Die manuelle Lymphdrainage in der Migränebehandlung

Abstract: Recent advances in migraine research indicate that migraine is probably caused by a genetic malfunction of serotonergic neurons in special nuclei in the human brain stem as nucleus raphe dorsalis and nuclei of the trigeminal nerve. The release of serotonin (5-HT), noradrenalin, dopamin and other biogenic amins that work as inhibitory transmitting substances in cerebral neurons, is triggered by the diencephalon via hypothalamus. As a cause of overflow or summation of exogenic and endogenic stress factors there will be deficiency of serotonin (5-HT) in 5-HT-releasing neurons as a result of long acting or excessive stimulation by catecholamins, which means a deficit of inhibitory neuronal function. The actual migraine attack will be caused by the release of inflammatory substances as serotonin (5-HT), histamin, prostaglandine and others, which sensitize nociceptors in the vascular walls and in the extracranial lymphatic collectors as well, thus making a sterile-inflammation of the blood and the lymphatic vessels with vasospasm, vasodilatation and edema of the vascular walls.
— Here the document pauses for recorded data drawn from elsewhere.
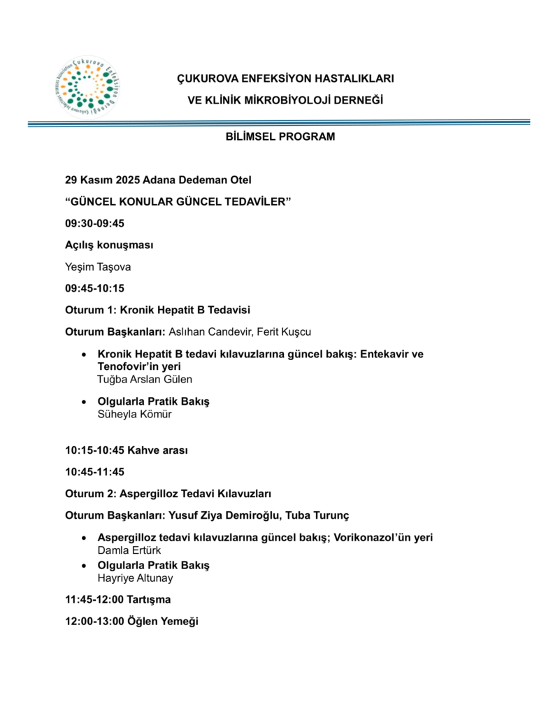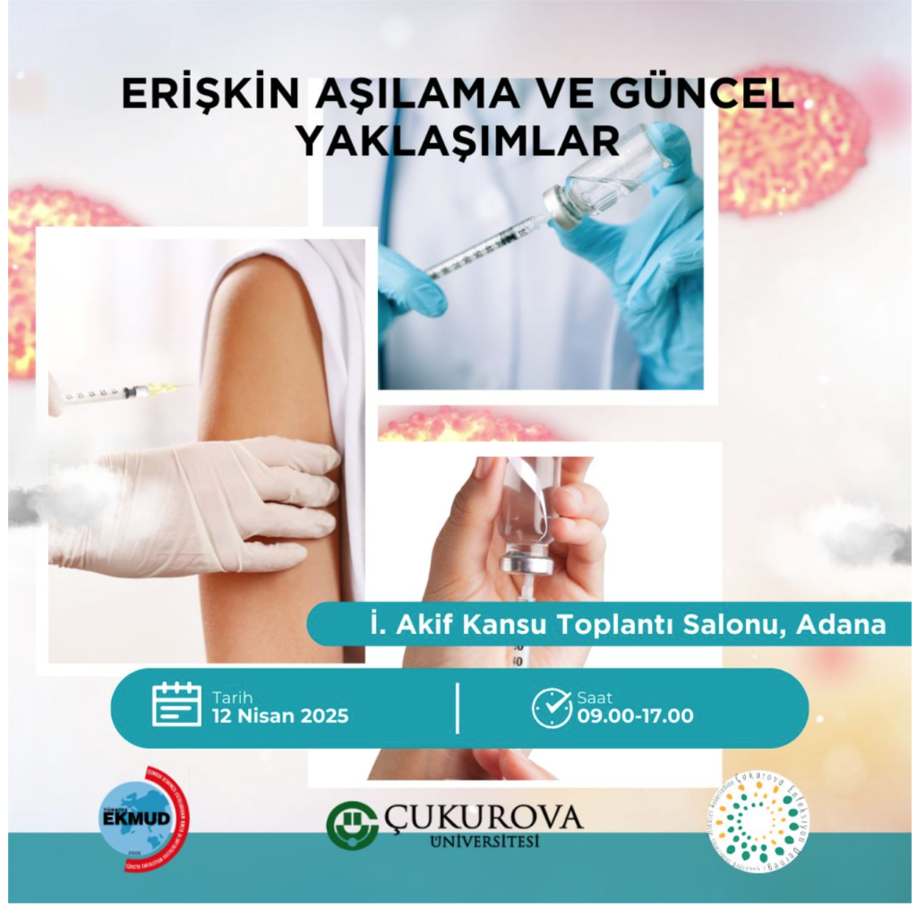 Çukurova Üniversitesi, Türkiye Enfeksiyon Hastalıkları ve Klinik Mikrobiyoloji Uzmanlık Derneği (EKMUD) ve Çukurova Enfeksiyon Derneği iş birliğiyle düzenlenen “Erişkin Aşılama ve Güncel Yaklaşımlar” toplantısına sizleri davet etmekten büyük mutluluk duyuyoruz.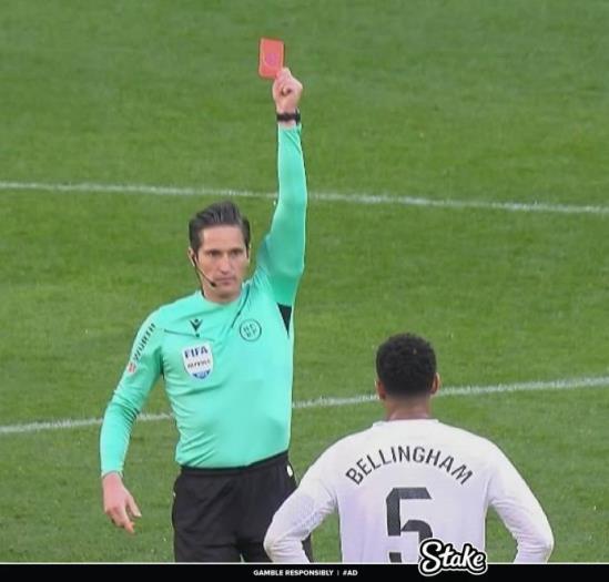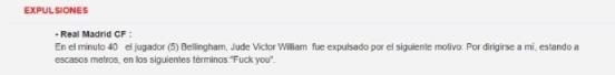 在赛后裁判报告中,谈及贝林厄姆被红牌罚下的原因:他在距离我仅数米远的地方,对我说了“Fxxk you”。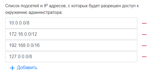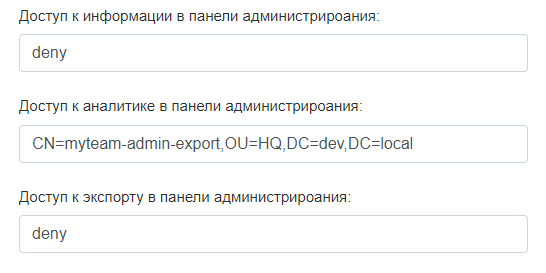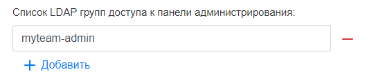 - Название группы пользователей, которым будет доступно окружение администратора, например myteam-admin. Название группы будет использовано при настройке доступа к окружению администратора.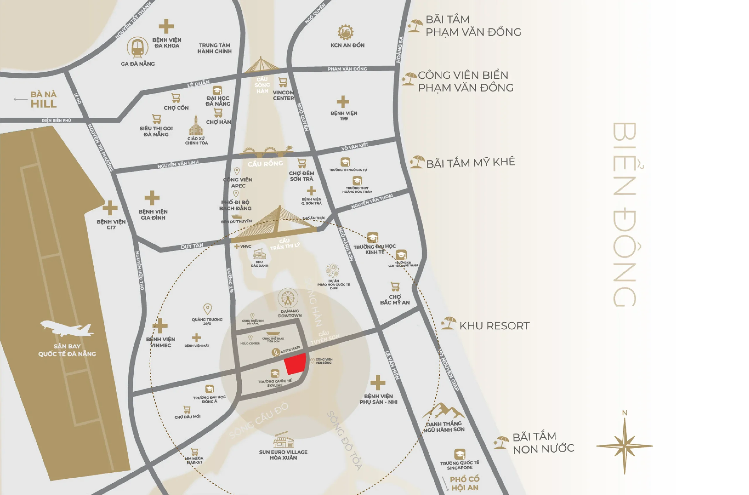 Trung tâm mới của khu vực Tuyến Sơn – Hải Châu, nằm trên tuyến huyết mạch gần cầu Tuý Sơn, dẫn lối đến các di sản thế giới và các trung tâm tài chính, thương mại đang hình thành – nơi giao thoa giữa giá trị văn hóa, quyền lực kinh tế và đầu tư tăng trưởng bền vững.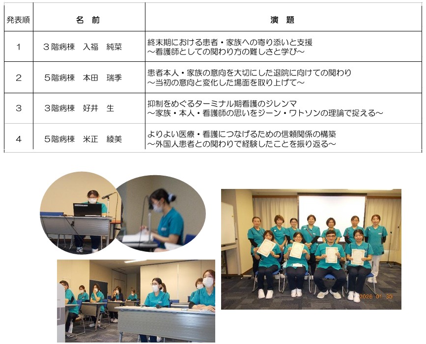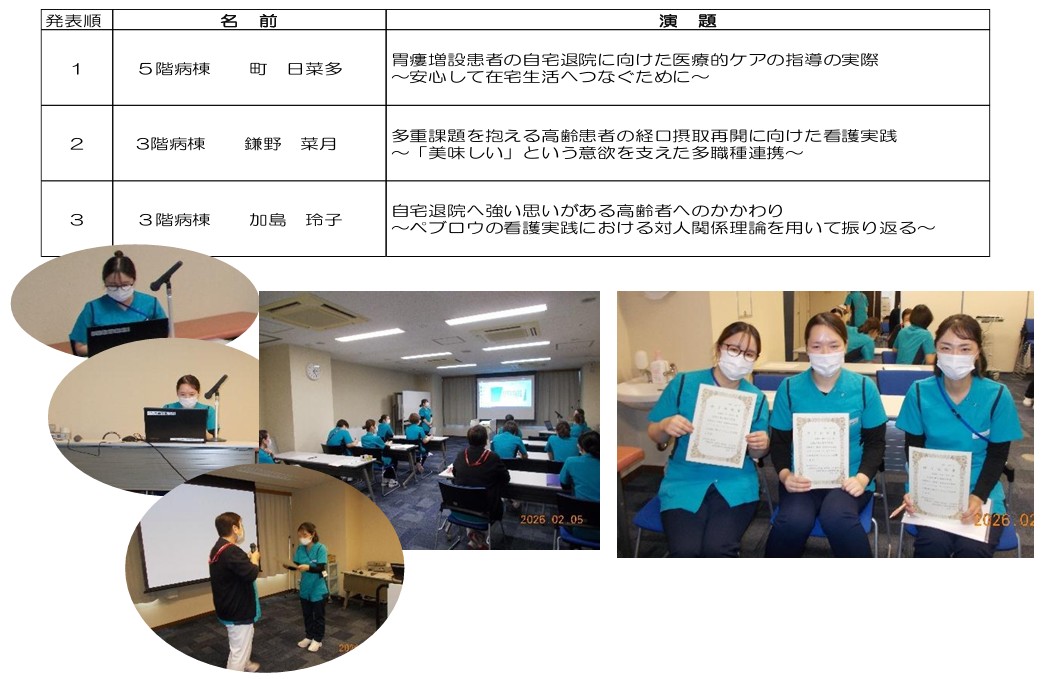2年目看護師3名が実施した看護を振り返り発表しました。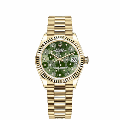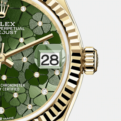 - Dial color: Olive green dial with floral motif and 24 Diamonds in 18k Yellow Gold settings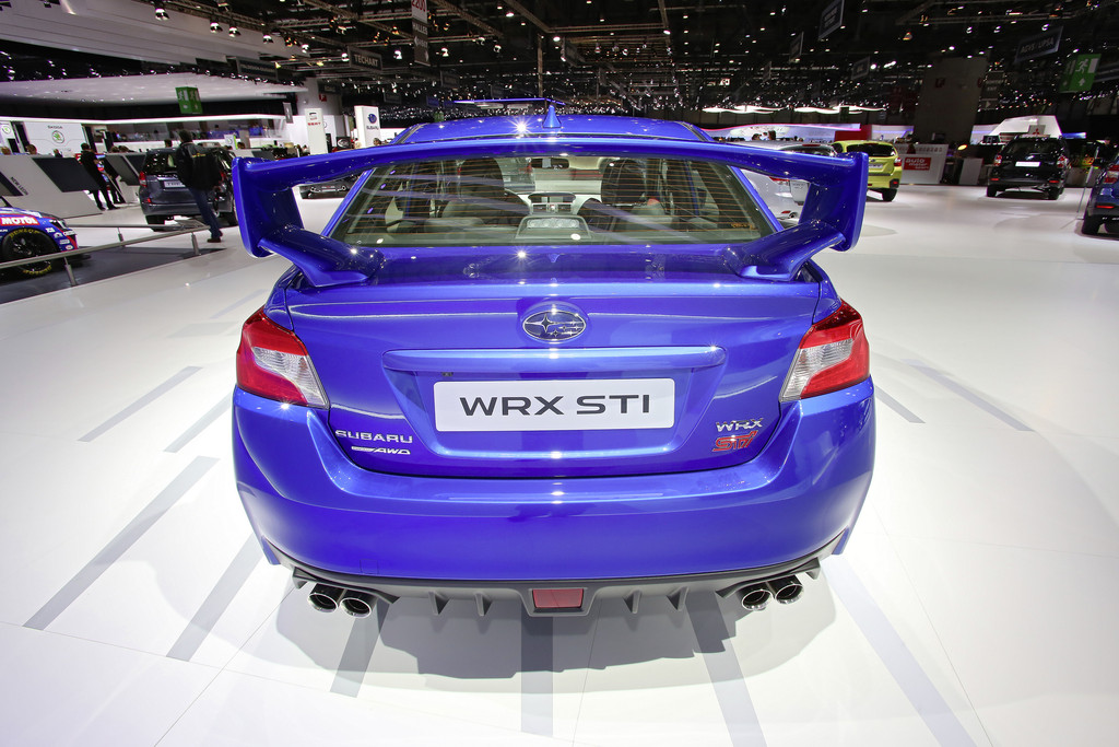 Der hintere Stoßfänger mit integriertem Diffusor und die beiden doppelten Auspuffendrohre sollen den tiefen Schwerpunkt des WRX-STI herausstellen. Der große Heckflügel ist dem Topmodell der WRX-STI-Serie vorbehalten. Foto: Auto-Medienportal.Net/Manfred Zimmermann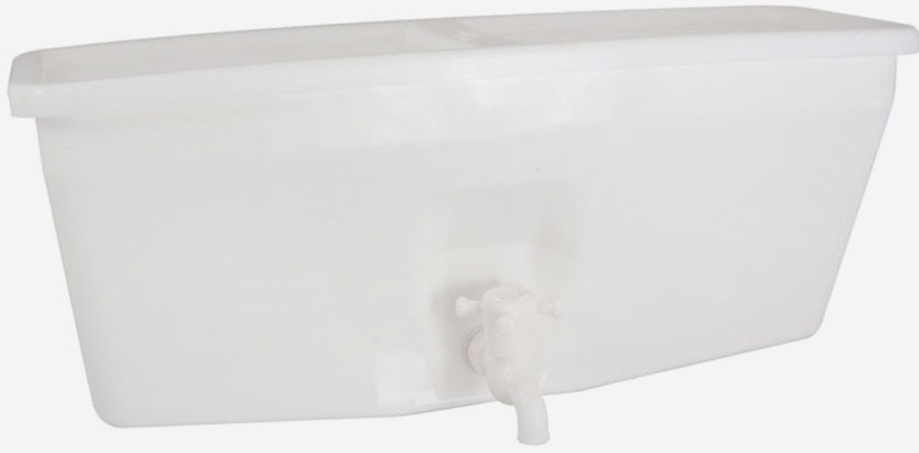 De tels dispositifs sont montés sur des surfaces verticales. Un réservoir d'eau est installé près d'eux. Convient pour une installation n'importe où. Les pinces sont utilisées comme attaches. Le volume de ces lavabos dépasse rarement la barre des 5 litres. C'est cette option qu'il faut acheter pour un chalet d'été, qui est rarement visité.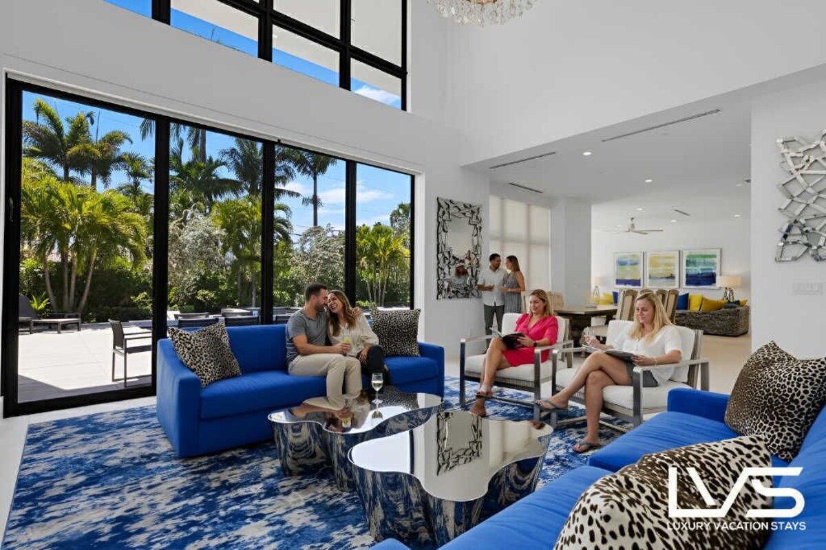 Summary: Villa Blanco, a refined new construction five-bedroom escape, rests walking distance to Fort Lauderdale Beach and the iconic inlet where yachts and cruise ships set sail. Walk to Pier 66, the Convention Center, and Las Olas. This sanctuary blends indoor–outdoor living with rooftop views, private office, elevator, chef’s kitchen, heated pool, spa, and luxurious suites. Gather with friends, dine alfresco, and watch the nautical parade from your private rooftop haven. The Space: Luxury Vacation Stays Where every stay sets the Standard™ Luxury Vacation Stays, LLC is a full-service Luxury Vacation Rental Management Company located in Fort Lauderdale, FL with over 600 Five Star reviews and many villas and condo’s throughout South Florida, The Caribbean & Europe. Luxury Vacation Stays, LLC advertises on many online platforms including our own site LuxuryVacationStays. Luxury Vacation Stays, LLC offers white glove concierge style rental and management. 🛌 FULLY APPOINTED BEDROOMS ● Primary Suite (2nd Floor): King bed, smart TV, private balcony overlooking the backyard, walk-in closet, and a spacious his-and-hers en-suite bathroom with soaking tub and rain shower. ● 2nd Suite (2nd Floor): Queen bed, smart TV, walk-in closet, and en-suite bathroom. ● 3rd Suite (2nd Floor): Queen bed, smart TV, walk-in closet, and en-suite bathroom. ● 4th Suite (2nd Floor): Queen bed, smart TV, closet, and a Jack & Jill bathroom shared with the 5th Suite. ● 5th Suite (2nd Floor): Queen bed, smart TV, closet, and a Jack & Jill bathroom shared with the 4th Suite.. ● Half Bathroom (1st Floor): Conveniently located near the living and entertaining areas. ☀️ Rooftop Terrace (3rd Floor) • Open-air rooftop with sectional lounge seating & umbrellas • Kitchenette with wine fridge, sink, and coffee maker • Elevated sunset views, perfect for evening cocktails 🛋️ Ground Floor Living ● Living Room • 2 modern Lawson-style sofas • Seamless indoor-outdoor flow to pool & patio ● Family Room • Two Lawson-style sofas with mid-century charm • Three barrel swivel chairs, Smart TV • Garden and pool views ● Dining Room • Light oak dining table with seating for 10 • Glass doors offering serene outdoor backdrop ● Chef's Kitchen • Oversized island with bar seating for 4 • Range with oven & hood • Microwave, toaster, coffee maker, blender • Dishwasher, Full-size refrigerator • Fully stocked with cookware, dinnerware & essentials ● Office / Fitness Den • Dedicated workspace with office chair • Wingback armchair for reading • Bicycle machine for daily workouts ● Laundry Room • Full-size washer & dryer 🌴 Outdoor Living ● Heated pool & spa with tranquil loungers ● Outdoor Smart TV for poolside entertainment ● BBQ grill and covered dining for 10 🚗 Parking ● 2-car garage + driveway for 2 additional vehicles (vehicle size dependent) ● 🐕 PETS Pets are accepted on a case-by-case basis only. Approval requires that pets are potty trained, non-shedding, and that guests agree to all house rules regarding pets. DISCLAIMER: You must be 25 years or older to book this property. This property DOES NOT allow groups under 25 years of age, events, parties, photo shoots/production shoots or large gatherings of any kind. This property is located in a quiet residential area and the noise ordinance from 10 PM to 7 AM must be followed. Reservation will be canceled and guests will be asked to find other accommodations if there are noise complaints by the neighbors and/or the Fort Lauderdale Police Department gets dispatch to the property. Valid ID is required upon arrival and reservation will be canceled if the rules are not followed. Luxury Vacation Stays is the exclusive operator of this property. PARKING: Parking is ONLY permitted inside driveway. The driveway can accommodate Parking for 2 vehicles max. There is NO STREET PARKING, NO parking over sidewalk & NO PARKING ON TURF/LANDSCAPING. —Trailers, RVs, and commercial vehicles are STRICTLY PROHIBITED under any circumstances. This property is located in a quiet residential area and the residential noise ordinance from 10 PM to 7 AM must be followed. Reservation will be canceled and guests will be asked to find other accommodations if there are noise complaints by the neighbors and/or the Fort Lauderdale Police Department gets dispatch to the property. Below are compliance statements that the City of Fort Lauderdale requires for all Vacation Rental Properties: 1. It is unlawful to allow for a sexual offender or sexual predator to occupy this residence. 2. Noise - any sound shall not be plainly audible for a period of one (1) minute or longer at a distance of twenty-five (25) feet or more when measured from the source property line between the hours of 10:00 p.m. and 7:00 a.m. daily and at a distance of fifty (50) feet or more when measured from the source property line between the hours of 7:00 a.m. and 10:00 p.m. daily. 3. Vehicle Parking - all vehicles associated with the Vacation Rental must be parked in compliance with Chapter 26 of the Code of Ordinances of the City of Fort Lauderdale: all vehicles associated with the vacation rental must be parked within a driveway located on the subject property; vehicles are not permitted to park in the swale or on the street. 4. Trash Pick-Up - No solid waste container shall be located at the curb for pickup before 6:00 p.m. of the day prior to pick up, and solid waste container must be removed before midnight of the day of pickup. The Property must be free of garbage and litter except the storage of garbage, and litter in authorized receptacles. Approved as a City of Fort Lauderdale Vacation Rental, Certificate #21030045. The complete written text of the Vacation Rental Code of Ordinances of the City of Fort Lauderdale, Florida is available online by searching City of Fort Lauderdale Ordinance No. C-16-25. Guest Access: ● Each guest will receive a unique keypad 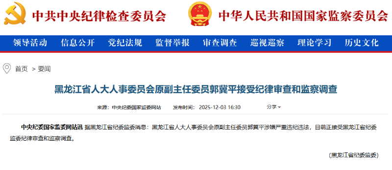 中央纪委国家监委网站讯据黑龙江省纪委监委消息:黑龙江省人大人事委员会原副主任委员郭冀平涉嫌严重违纪违法,目前正接受黑龙江省纪委监委纪律审查和监察调查。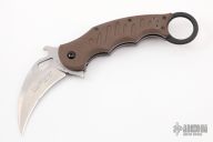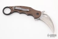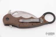 This folding Karambit by Fox Cutlery features a stonewashed hawkbill blade with thumbhole, notched thumbrest and wave feature. The handle has brown G-10 scales, black stainless steel liners and backspacer. Tip up left or right reversible stainless steel clip. Excellent condition.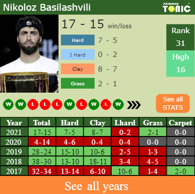 Nikoloz has an aggregate 17-15 win-loss record in 2021, 2-1 on grass (See FULL STATS).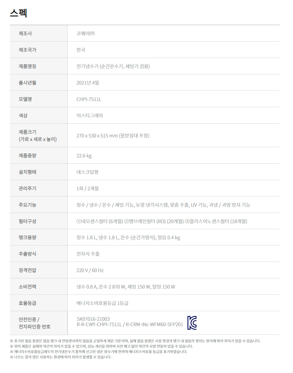정수기 (375) 냉온정수기 (229) 얼음정수기 (52) 기타 (0) 일반정수기 (32) 냉정수기 (62)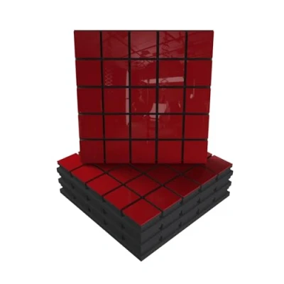 Sound Absorption Diffuse Acoustic Panel 50x50x5cm Diffusion Reflection Soundproofing Color Plates: (x4 GRID, Red gloss plastic)
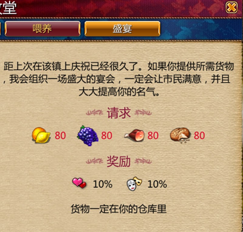 通過提供宴會所需的原料舉辦盛宴,可以大幅度提高聲望和民眾好感度。
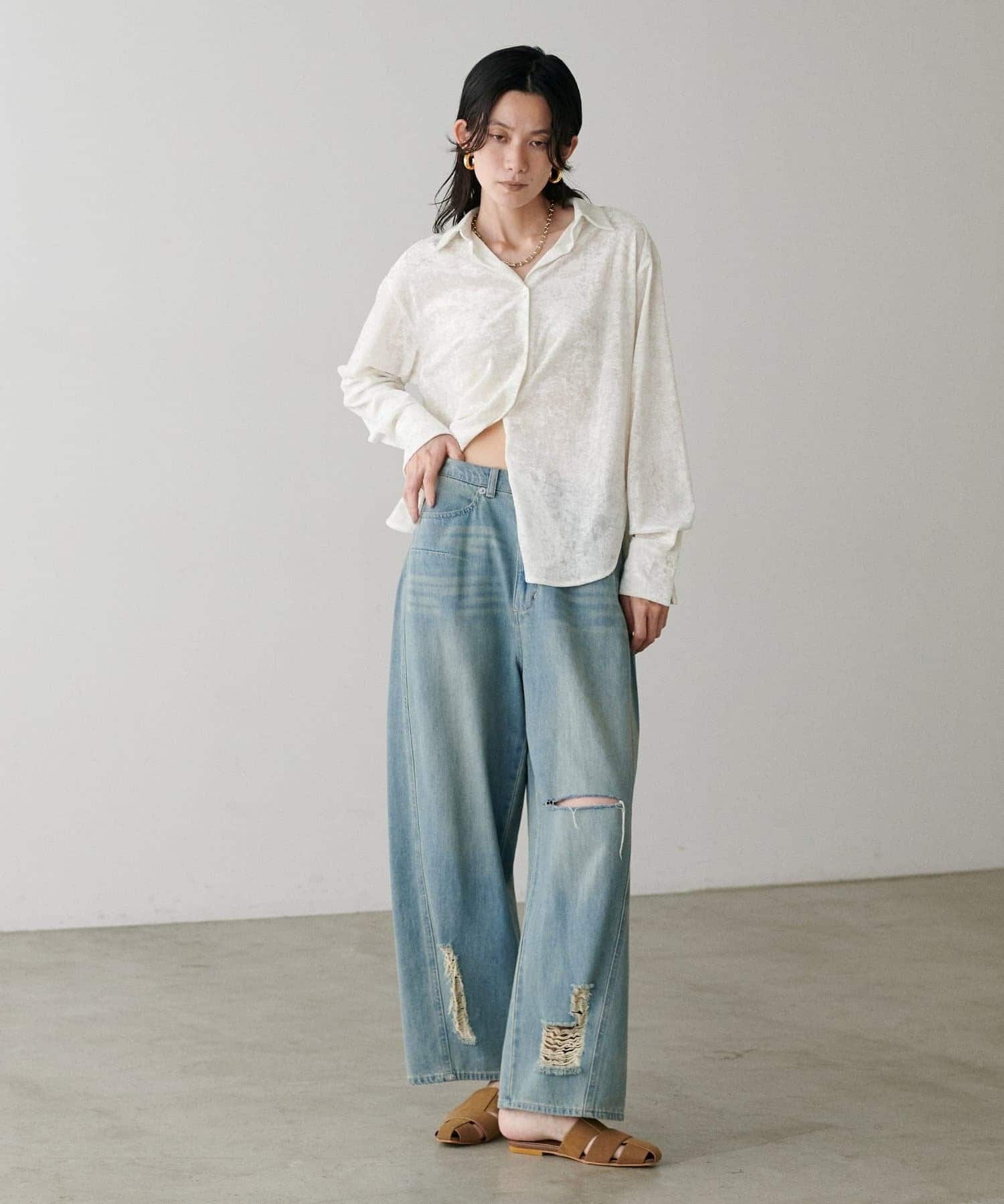 キャミソールやタンクトップの上からさらっと羽織って、素材感を主役にしたスタイルに。

A pain attack can be suppressed effectively, and in many cases even arrested, by performing manual lymph drainage (ML) at an early stage. The active mechanism can be explained by peripheralanalgesic, anti-spasmodical and draining effects of the lymph drainage in the migraine attack which accelerate the discharge of pain mediators, but also by central sedative and analgesic effects. The interval mechanism however is based on the sympathetic-suppressive effect of ML. These mechanisms will be discussed.